In this work, the potential of activated carbon stems and leaves (ACS, ACL) prepared from dried water hyacinth stems and leaves (DS, DL) by chemical activation with phosphoric acid (1:3) and modified activated carbon stems and leaves (MACS, MACL) with nitric acid (1:1) for the removal of lead from aqueous solution was investigated. Carbon samples were produced with a reasonable yield about 75% and have a remarkable surface area (57.46, 71.83, 864.52, 493.78, 381.22, and 265.22 m2/g for DS, DL, ACS, and ACL, MACS and MACL, respectively and well developed pore structure.

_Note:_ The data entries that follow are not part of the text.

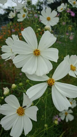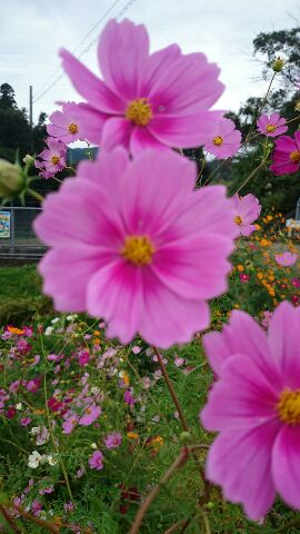 風にゆれる色とりどりのコスモスたち。まるでコーラス隊のようです。
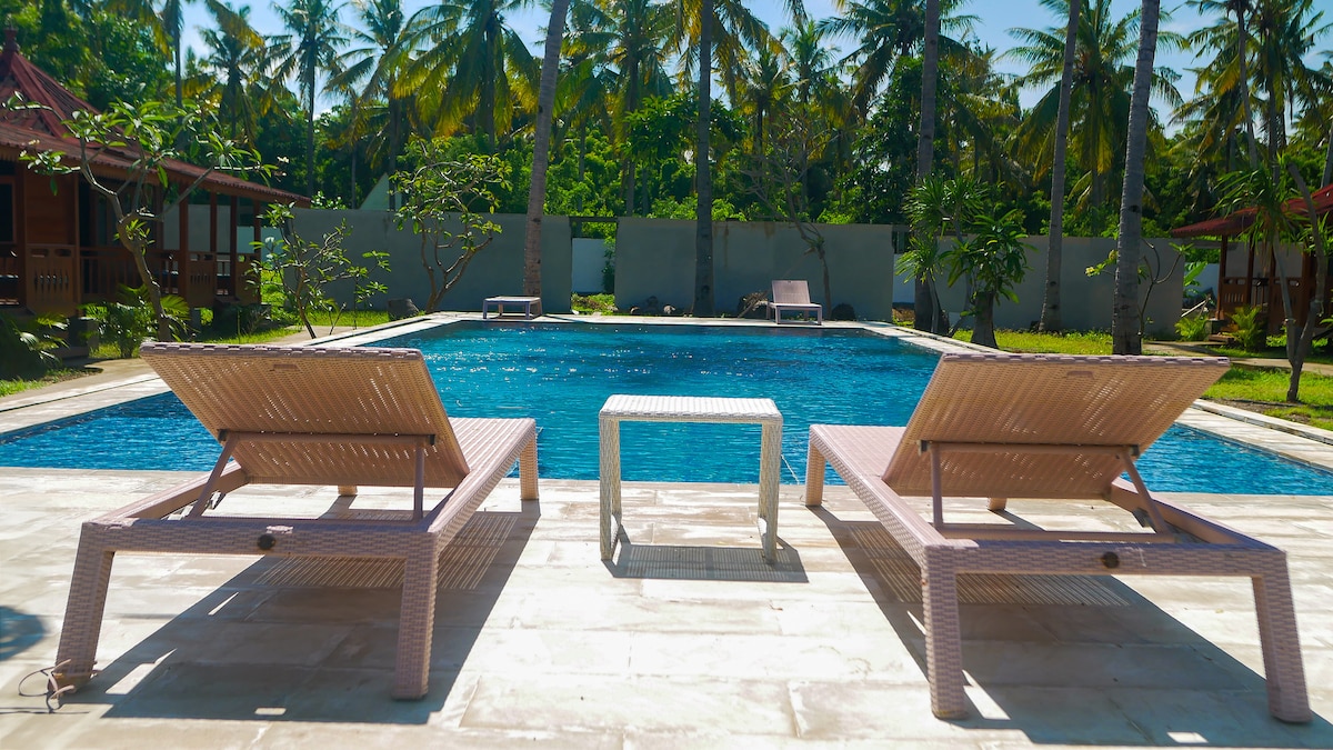 Este alojamiento cuenta con un restaurante, piscina al aire libre, bar y jardín en Gili Trawangan. Con habitaciones superiores, esta propiedad también ofrece a los huéspedes una terraza solárium. En el hotel, todas las habitaciones están equipadas con aire acondicionado y TV de pantalla plana. La playa de Gili está a 1,6 km de esta propiedad, mientras que Turtle Beach está a 1,7 km.
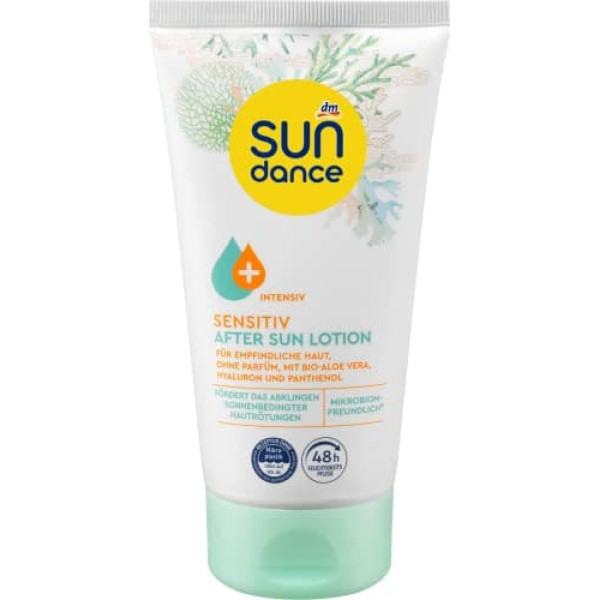 SUNDANCE Set of 2 After Sun Sensitive Skin Care: Lotion for Sensitive Skin without Perfume (150 ml) + Aprés Balm Moisturiser with Panthenol, Bisabolol, Aloe Vera & Vitamin E (200 ml), 350 ml After Sun Sensitive Lotion: soothes and supports skin regeneration after sunbathing. Intensive 48 hour moisturiser. For sensitive skin: without perfume. Promotes sun-induced redness to fade Product features: without perfume, vegan Aprés Balm Sensitive: 24h moisturiser for sensitive skin. Skin soothing Skin compatibility dermatologically tested. Made in Germany Box contents: 1 x After Sun Balm Sensitive, 1 x After Sun Lotion Sensitive › See more product details; Product description Product description The SUNDANCE After Sun Sensitive Lotion 48h has a regenerating and cooling effect. The intensive care formula with organic aloe vera, vitamin E and panthenol has a soothing effect on sun-stressed and dry skin. Intensive moisturisers have a harmonising effect on the natural moisture balance of the skin. Regular application supports a beautiful, long-lasting sun tan. Instructions for use: apply generously to cleansed skin after sunbathing. Easy to spread and absorbs quickly without leaving a greasy film. Intensive 24-hour moisturiser for sensitive skin: the SUNDANCE Aprés Balm Sensitive is characterised by a nourishing active ingredient complex with panthenol and bisabolol. In addition, aloe vera and glycerine ensure velvety soft and supple skin. The After Sun Balm Sensitive counteracts drying of the skin for a long time. In addition, vitamin E protects the skin from free radicals with regular use. Formulated without microplastics and water-soluble pure synthetic polymers. Made for: dm-drogerie markt GmbH + Co. KG, Am dm-Platz 1, 76227 Karlsruhe. Safety Warning Avoid contact with eyes and mucous membranes. Use only on intact skin. Avoid direct sunlight. Do not store above 25 degrees Celsius. Keep out of reach of children; Product description Product description The SUNDANCE After Sun Sensitive Lotion 48h has a regenerating and cooling effect. The intensive care formula with organic aloe vera, vitamin E and panthenol has a soothing effect on sun-stressed and dry skin. Intensive moisturisers have a harmonising effect on the natural moisture balance of the skin. Regular application supports a beautiful, long-lasting sun tan. Instructions for use: apply generously to cleansed skin after sunbathing. Easy to spread and absorbs quickly without leaving a greasy film. Intensive 24-hour moisturiser for sensitive skin: the SUNDANCE Aprés Balm Sensitive is characterised by a nourishing active ingredient complex with panthenol and bisabolol. In addition, aloe vera and glycerine ensure velvety soft and supple skin. The After Sun Balm Sensitive counteracts drying of the skin for a long time. In addition, vitamin E protects the skin from free radicals with regular use. Formulated without microplastics and water-soluble pure synthetic polymers. Made for: dm-drogerie markt GmbH + Co. KG, Am dm-Platz 1, 76227 Karlsruhe. Safety Warning Avoid contact with eyes and mucous membranes. Use only on intact skin. Avoid direct sunlight. Do not store above 25 degrees Celsius. Keep out of reach of children; Product description The SUNDANCE After Sun Sensitive Lotion 48h has a regenerating and cooling effect. The intensive care formula with organic aloe vera, vitamin E and panthenol has a soothing effect on sun-stressed and dry skin. Intensive moisturisers have a harmonising effect on the natural moisture balance of the skin. Regular application supports a beautiful, long-lasting sun tan. Instructions for use: apply generously to cleansed skin after sunbathing. Easy to spread and absorbs quickly without leaving a greasy film. Intensive 24-hour moisturiser for sensitive skin: the SUNDANCE Aprés Balm Sensitive is characterised by a nourishing active ingredient complex with panthenol and bisabolol. In addition, aloe vera and glycerine ensure velvety soft and supple skin. The After Sun Balm Sensitive counteracts drying of the skin for a long time. In addition, vitamin E protects the skin from free radicals with regular use. Formulated without microplastics and water-soluble pure synthetic polymers. Made for: dm-drogerie markt GmbH + Co. KG, Am dm-Platz 1, 76227 Karlsruhe. Safety Warning Avoid contact with eyes and mucous membranes. Use only on intact skin. Avoid direct sunlight. Do not store above 25 degrees Celsius. Keep out of reach of children
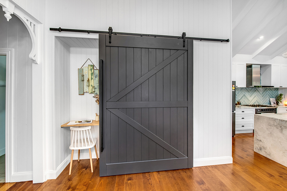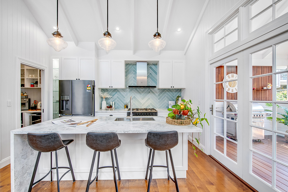 Leithal Designs undertook a comprehensive renovation project, which involved expanding the home. This transformation entailed the removal of most of the internal structure, retaining only the front veranda and two bedrooms. The end result was a lavish 4-bedroom, 2-bathroom residence featuring a cozy study nook, a spacious kitchen with a pantry, and generous dining and living areas. Additionally, a large balcony was added, offering picturesque views of the serene gardens.
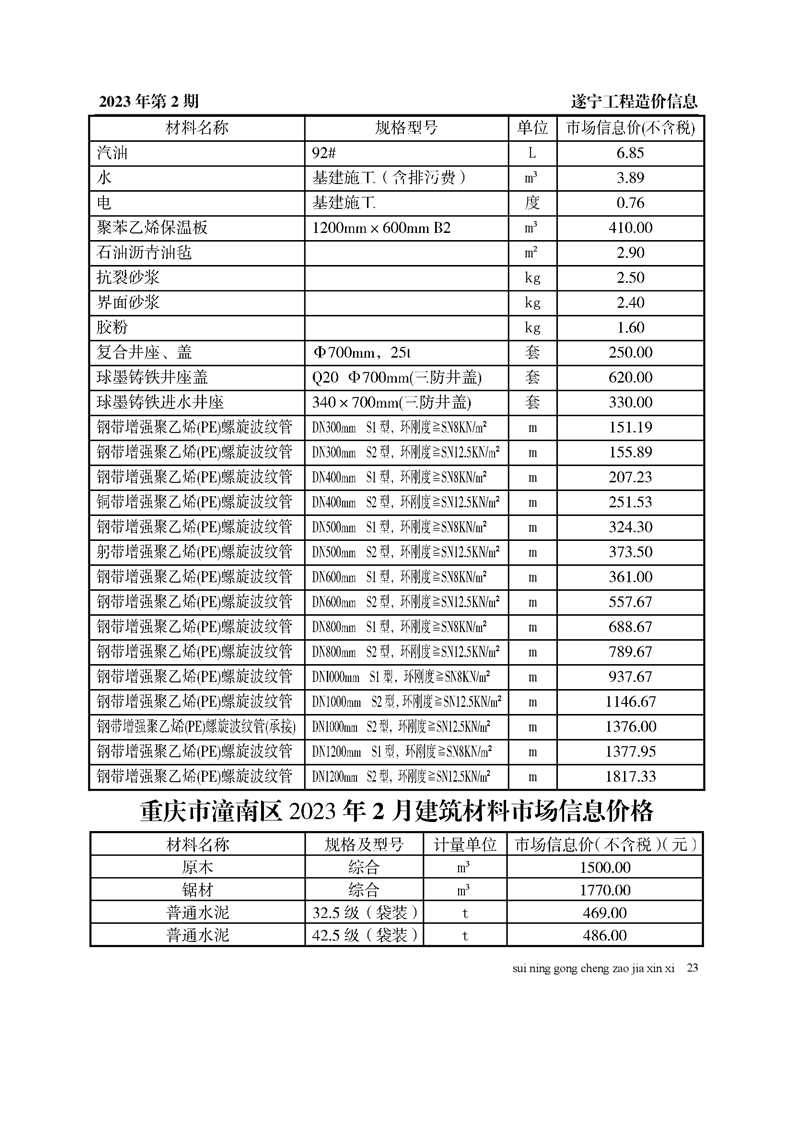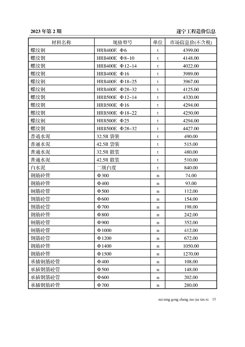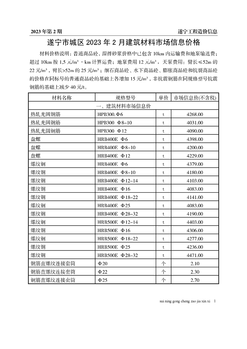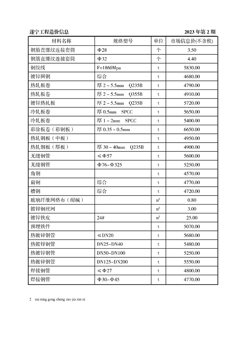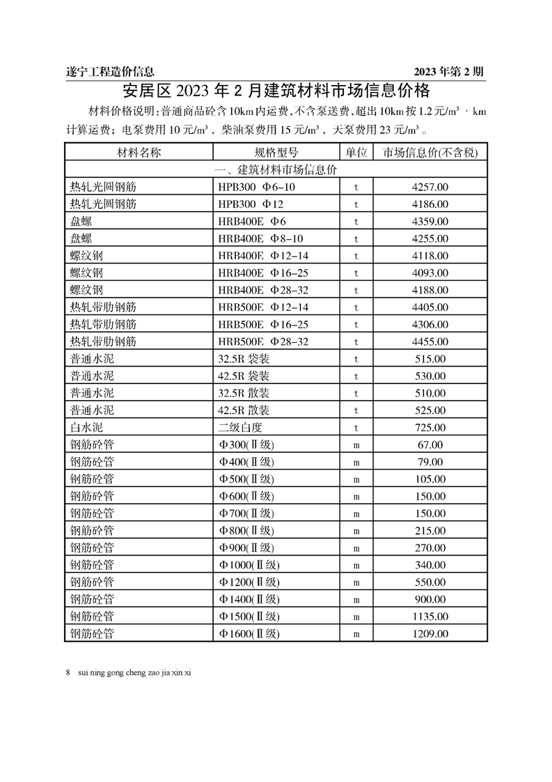 2023年2月建材价格

Batch adsorption experiments were conducted to study the effect of various operating parameters, pH of the solution (1 to 6), initial concentration of lead ions (50 to 400 mg /l), contact time (2-250 min), and temperature (298-323 K). It is obvious that the maximum adsorption of lead at pH 5 is in the order: MACS (175.63 mg/g) > MACL (164.56 mg/g) > DS (90.50 mg/g) > DL (66.60 mg/g) > ACS (36.00 mg/g) > ACL (33.40 mg/g). This may be attributed to the increase in the number of active sites on the modified activated carbon. The equilibrium data were analyzed using Langmuir and Freundlich isotherms. The results showed that the experimental data were fitted well by the Langmuir model. Kinetic results revealed that the adsorption process obeyed a pseudo-second order model and intra-particle diffusion was the rate controlling step. The thermodynamic studies revealed that the adsorption was spontaneous and endothermic process. Desorption of about 90% of the sorbed lead from carbon was achieved using about 0.6 M HCl.